Has anyone actually tried welding or otherwise permanently "fixing" the alternator damper? I am in the process of attempting an EFI conversion and most likely supercharging my 88 Hurricane 1000 and the alternator shaft would make a pretty ideal/easy spot to modify and add a SC drive pulley, but of course I worry about putting several hp more load through the apparently already failure-prone damper and ending up with it slipping. What are the realistic consequences of welding it? Does it actually provide individual power-pulse torsional cushioning, or is it simply an engineered fail point to prevent breaking the chain if something locks up? Frankly, I'm prepared to deal with whatever the consequences may be but am looking for input/experience from those who have actually modified one, either to be stiffer, or completely rigid. Thanks.

 

Also, does anyone know what the drive ratio between the crankshaft and the alternator shaft is? Is it just 1:1?

 

I like the way you are thinking and am tempted to weld my damper too. SC sounds great!. I would be concerned about the strength of the alternator chain and tensioner- as long as these are good enough to spin the SC it should work, and obviously you need to put a charging system on somewhere.

 

Or do you mean spin from shaft outside of alternator?

 

I was thinking extend the existing alternator shaft enough to add a 4-rib pulley, space the alternator out accordingly. That is definitely one of my concerns though, I have no idea how strong the chain is, or what the drive ratio is. I can't imagine that the torque to spin the SC is going to be more than what the starter transmits through that chain anyway. I mean I haven't measured the amp draw of the starter, but it has crazy amounts of gearing, it's got to be putting substantial torque into the chain.

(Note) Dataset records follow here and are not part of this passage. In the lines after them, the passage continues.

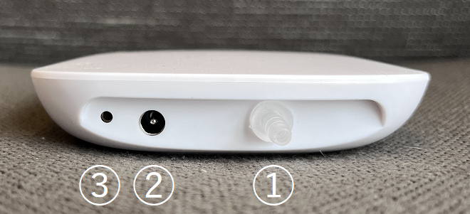 - センサー設置後、ACアダプタをコンセントに接続します。注意 センサー設置前に電源を入れると初期の環境校正がセンサーが設置されていない状態で行われてしまいますので、センサー設置後に電源を入れるようにしてください。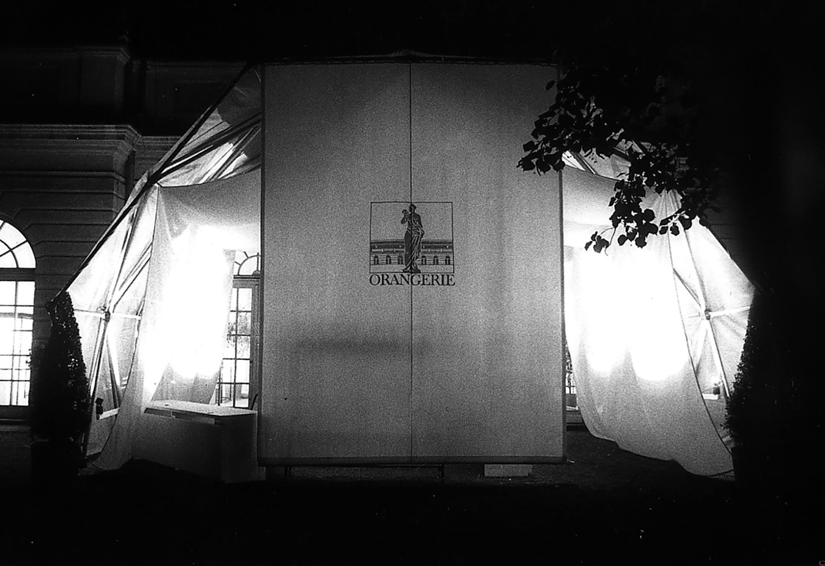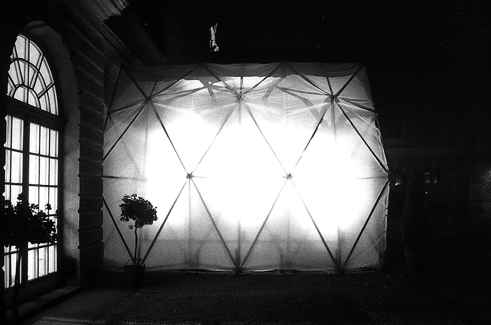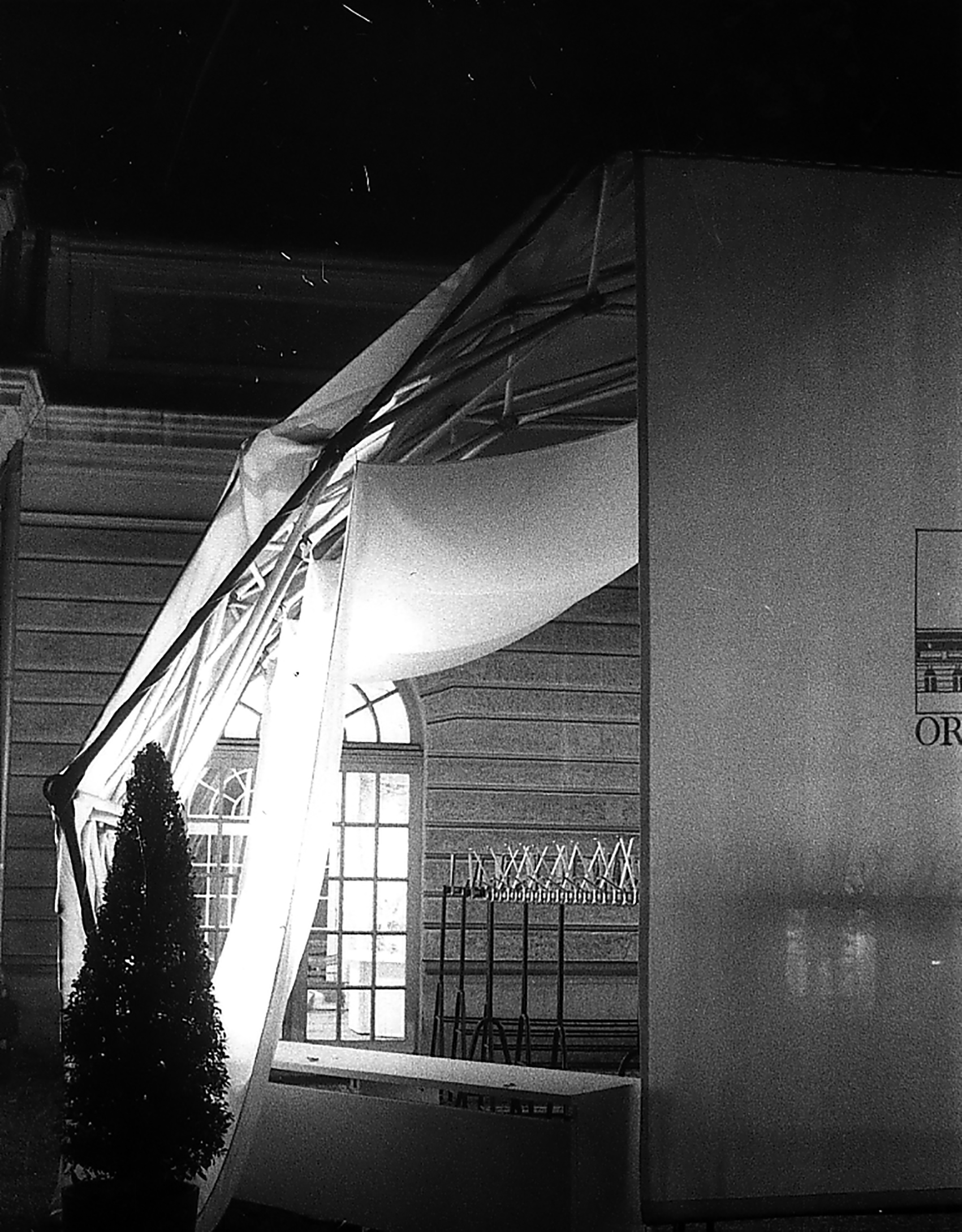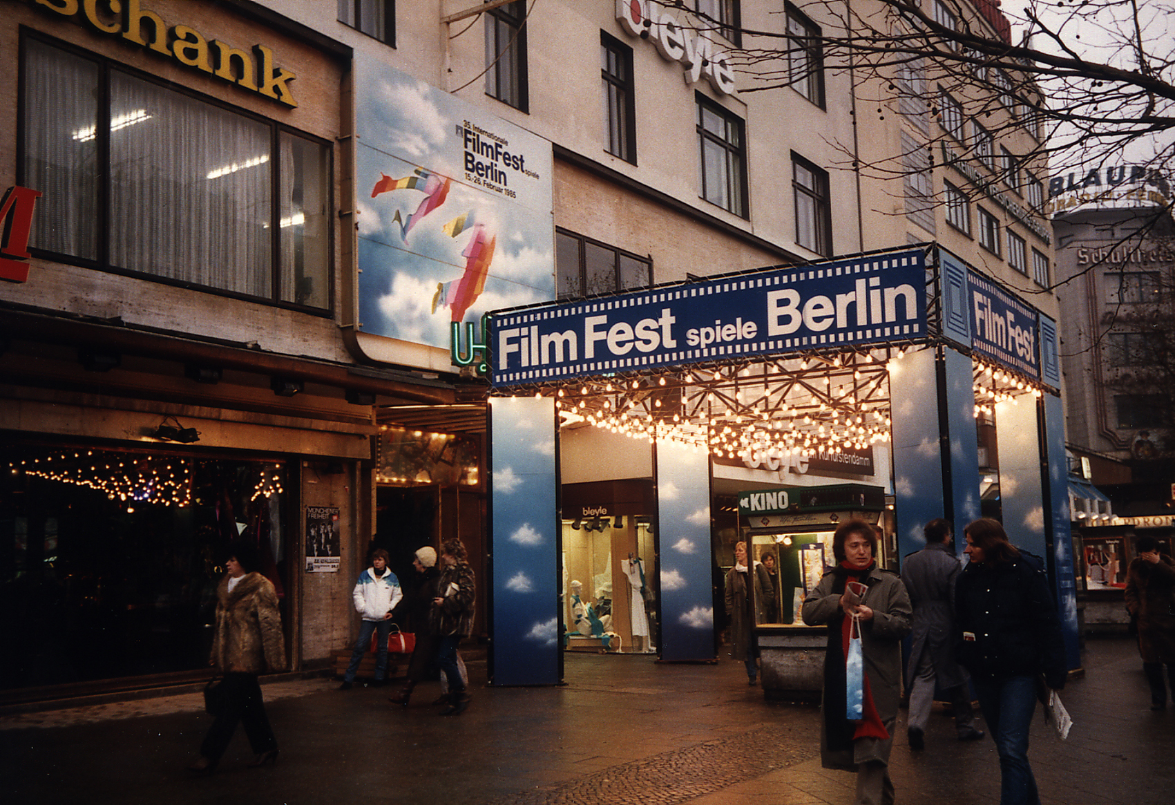 In jedem neuen Jahr wurde eine Verbesserung der Ausstattung des Kinovorbaus in Angriff genommen. An dem Foto fällt auf, dass die künstliche Festbeleuchtung trotz des Tageslichts einen eindeutigen Anziehungspunkt markiert. Beim trüben Licht eines Februartages konnte sich das künstliche Licht um so strahlender abheben. Die warme Lichtfarbe der klaren Glühlampen mit einer Leistung von je 40 Watt verwandelte den Ort vor dem Kino – normalerweise nicht besonders ansprechend und ungünstig ›möbliert‹ – in einen Treffpunkt.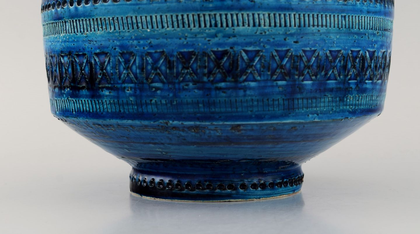 Aldo Londi for Bitossi. Skål / blomsterkrukke i Rimini-blå glaseret keramik med geometriske mønstre. 1960'erne. Måler: 19 x 11 cm. I flot stand. Stemplet.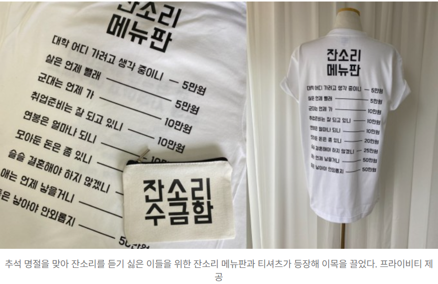 우스갯소리로 ‘명절 잔소리 용돈표’까지 있을 정도다.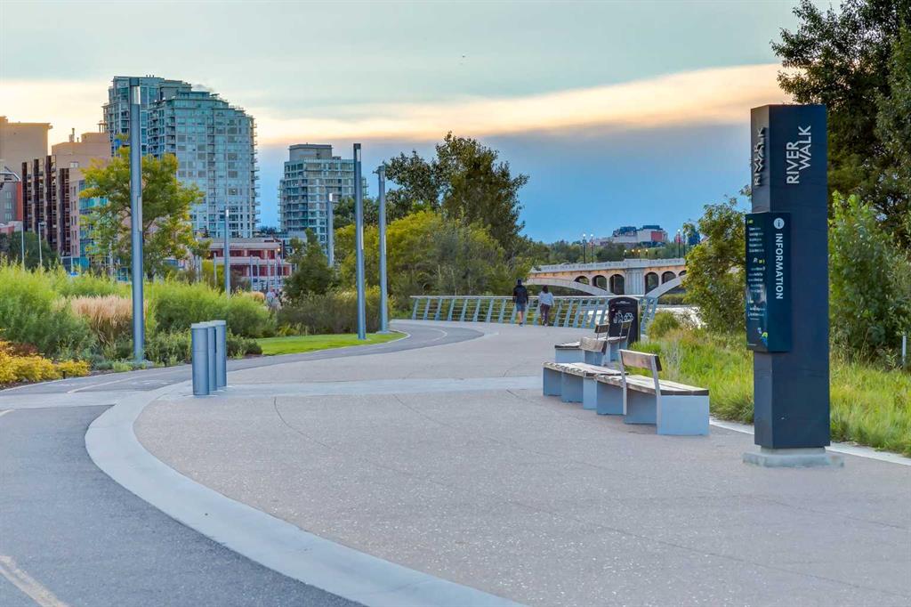 WELCOME to this AIR-CONDITIONED and FULLY FURNISHED 666.20 Sq Ft APARTMENT in the RIVERFRONT POINTE building with 2 Bedrooms, 1 Full Bathroom, 2 TITLED UNDERGROUND PARKING spots, including LOW Condo Fees, and an EAST-Facing Balcony overlooking the BOW RIVER in EAST VILLAGE!!! Entering this IMMACULATE unit with the OPEN-CONCEPT Floor plan, including 9' Ceilings, NEUTRAL colours, and MASSIVE windows allowing NATURAL Light throughout, shows off the CHARM you can call your own!! The Closet and Stacking Laundry are CONVENIENT for ACCESS and STORAGE by the front door. The GOOD-SIZED 2nd Bedroom will also convert to a DEN, a MUSIC room, or a PRIVATE Yoga room. RELAX in the Tiled 4 pc Bathroom while SOAKING in the tub after a long day to REJUVENATE yourself. The Primary Bedroom is a RESTFUL area to sleep, and also includes looking out the window at the CITY SKYLINE. This SLEEK Kitchen is the 'HEART of the HOME' and offers Wood Cabinetry, SS Appliances, GRANITE countertops, including the Breakfast Bar, and a COZY area for Dining. The Living room is GREAT for ENTERTAINING when FAMILY or FRIENDS come over, or having a QUIET time reading a book on the couch. There is a door to the Balcony that has PICTURESQUE VIEWS of the City including ST. PATRICK'S ISLAND, CENTRE STREET BRIDGE, SIEN LOK PARK, and RECONCILIATION BRIDGE!! Imagine sitting out on the balcony ENJOYING your morning coffee, using the BBQ when GUESTS come over to share a meal, or PEACEFUL star-gazing at night. The unit can be purchased FULLY FURNISHED at no extra cost -ideal for TURNKEY living or LONGTERM RENTALS. There are 2 TITLED Parking Stalls in the HEATED GARAGE, and the building offers a FITNESS CENTRE in Tower C, BIKE STORAGE, OUTDOOR PATIO, VISITOR PARKING, and a CONCIERGE with 24-hour SECURITY. This PRIME LOCATION is close to a Dog Park, Trendy Restaurants, Boutique Coffee Shops, Craft Breweries, Superstore, Confluence Historic Site & Parkland, Olympic Plaza, the Central Library, the University of Calgary Satellite Campus, the Saddledome, and the NEW arena. Whether you take in the NIGHT LIFE in the NEW Entertainment District, Stampede, or go to the YMCA, Fort Calgary, Chinatown, Eau Claire Market, Art Commons, CORE Shopping Centre, +15 Bridge access, Olympic Plaza, or the Studio Bell, you will EXPERIENCE the BEST that Calgary has to offer. It is EASY to get around with the City Transit, C-Train, or get your EXERCISE by WALKING/RUNNING/BIKE RIDING the Bow River Pathways. There are many Green spaces to DISCOVER INNER CITY BEAUTY, including the BIRDS and AQUATIC wildlife near the water. Communities around are Bridgeland and Crescent Heights with AMENITIES that have QUAINT shops, and more SHOPPING. It's all about LOCATION, and LIFESTYLE - this HOME is DESIRABLE with a QUICK COMMUTE to downtown. Book your showing TODAY!!!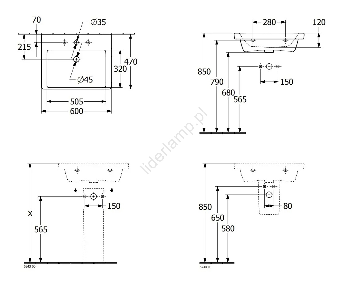 • Bateria umywalkowa i korek odpływowy nie są dołączone do zestawu.
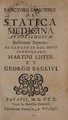 De statica medicina aphorismorum sectiones septem / accedunt in hoc opus commentarii Martini Lister et Georgii Baglivi.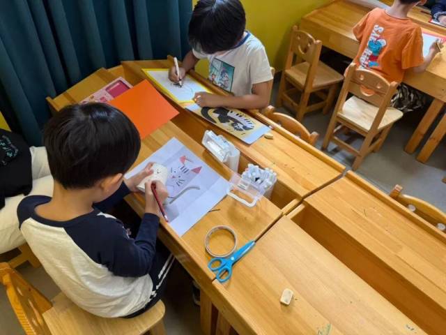 活动的最后一站是手工制作 ——“给好朋友的手绘信”。工作人员为每个家庭准备了彩笔、卡纸、剪刀和双面胶,孩子们立刻化身 “小小设计师”,迫不及待地开始创作。有的孩子用鲜艳的彩笔在卡纸上画出彩虹和太阳;有的孩子则剪出手拉手的小人,粘贴在信纸上,寓意着和好朋友的珍贵友谊;还有的孩子在家长的帮助下,折出漂亮的信封,将满满的心意装在里面。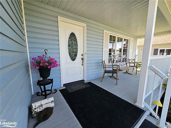 What a Lifestyle! This 2 bedroom, 2 bathroom bungalow boasts pride of ownership throughout. Covered front porch with composite decking, back deck has aluminum railings and glass panels. Features include a bright, unique open concept floor plan. Roomy kitchen w/dinette, S/S appliances, & lots of cabinets! Hunter Douglas blinds throughout. 4 season sunroom has walk out to the deck and retractable awning. Living room is welcoming with gas fireplace. The primary bedroom has a walk-in closet & 3 pc ensuite. For easy wash days, laundry has stackable units with separate laundry sink. Second bedroom could also be used as an office or a sitting room. 10 x 10 insulated shed with hydro. Gas hookups available, Sump pump 2023, Roof 2018, Twin 30 gal. water heaters 2024. Access to all the amenities of Park Place including a 12,000sq.ft Rec Centre, including salt water pool, gym, library and so much more! The blue water of Wasaga Beach not far away, trail system and Marlwood Golf Course. New Fees: Rent - $800.00 · Taxes for the LOT- $35.81 · Taxes for the STRUCTURE$- $156.16 · Water/Sewer: Billed Quarterly Total estimated monthly costs for the new tenant is $991.97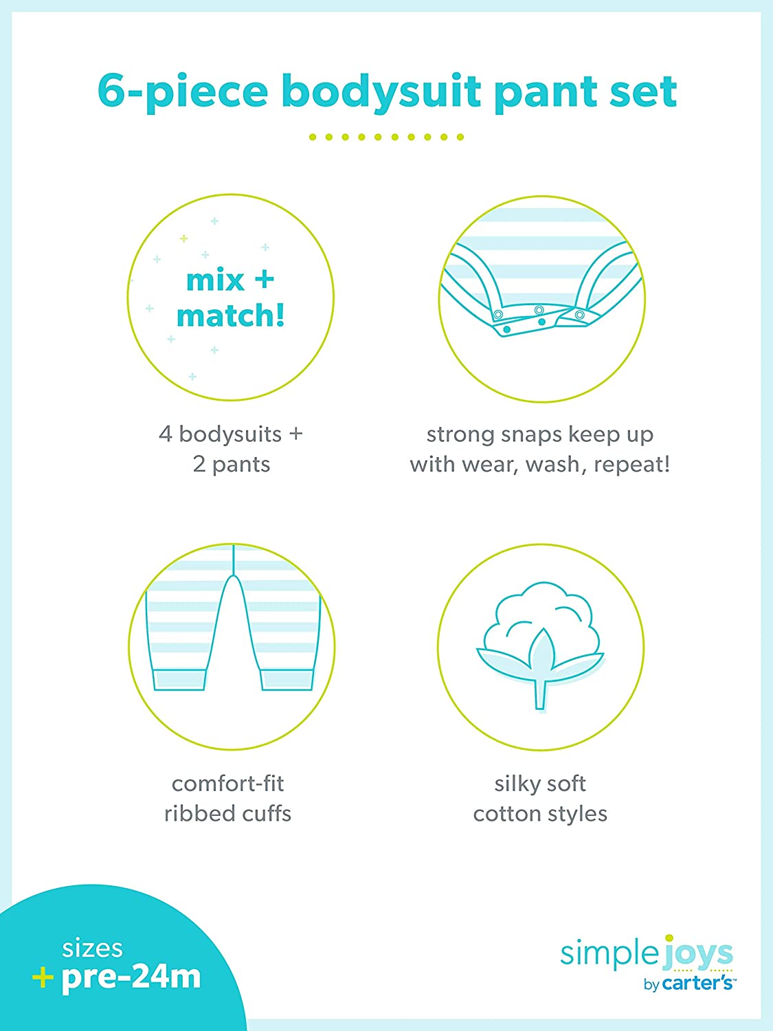 Simple Joys by Carter's Baby Boys' 6-Piece Bodysuits (Short and Long Sleeve) and Pants Set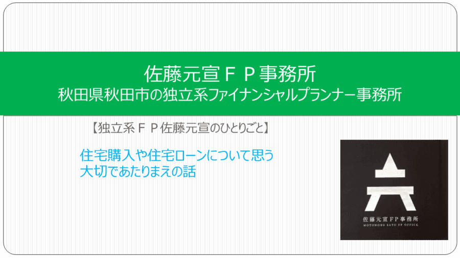 住宅購入や住宅ローンについて思う大切であたりまえの話【独立系FP佐藤元宣のひとりごと】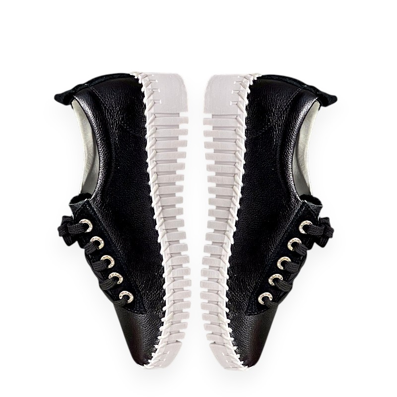 A sleek and stylish take a platform sneaker, featuring a slimming design, with an elegant, pointed toe, stitched soles, and sparkling diamante eyelets. Crafted from genuine leather with a durable rubber sole for all-day comfort.

My alternate idea, that has really been growing on me, is to attach a SC drive pulley to the front sprocket. This could give me boost that would increase with each gear. I plotted roughly what that would look like on the compressor map with 7.5psi in first ramping up to around 20psi in 6th. It's right in great efficiency islands through all the main places I'd actually likely be accelerating. I've got no interest in doing 170mph on a bike as old as me, lol...or really any bike for that matter. The supercharger I am planning to use is an Eaton TVS R900. So if I did my math right, I would have to drive it off the front sprocket at about 4:1 ratio to get this desired boost level, which most likely will require a 2-belt system to step the speed back up, because I don't think I'm gonna squeeze an 8" lower pulley on there, lol. Frankly, I am not very familiar with the bike and don't get to see it that often so I'm working off ****ty service manual and other online pictures for most of this planning, it is stored at a friend's place because he also has a bike project and talked me into getting one and keeping it there to hang out/fix them up at the same time. I did grab the carbs for a size reference for thinking about an intake. There should be plenty of space for the supercharger, it's hardly bigger than the carbs. The other challenge, which is kind of a pre-requisite to this, is getting the bike converted to a proper EFI system. I'm thinking mid 2000s GM 4 cylinder, as I'm familiar with tuning them and think I can make it work. The only real trick there is going to be adding a 60-2 crank reluctor. I really want to do all this within the confines of the factory fairings so that may mean some...clearancing.

 

I do have a wrecked donor car for the computer/harness/sensors, and have plenty of random fuel injectors, etc laying around that should be appropriate. Already got the necessary reluctor, just have to figure out how I'm going to attach it to the end of the crankshaft...which shouldn't be physically too hard to do, it's just going to be doing so in the available space, without creating any leaks or balance issues, etc that's a trick.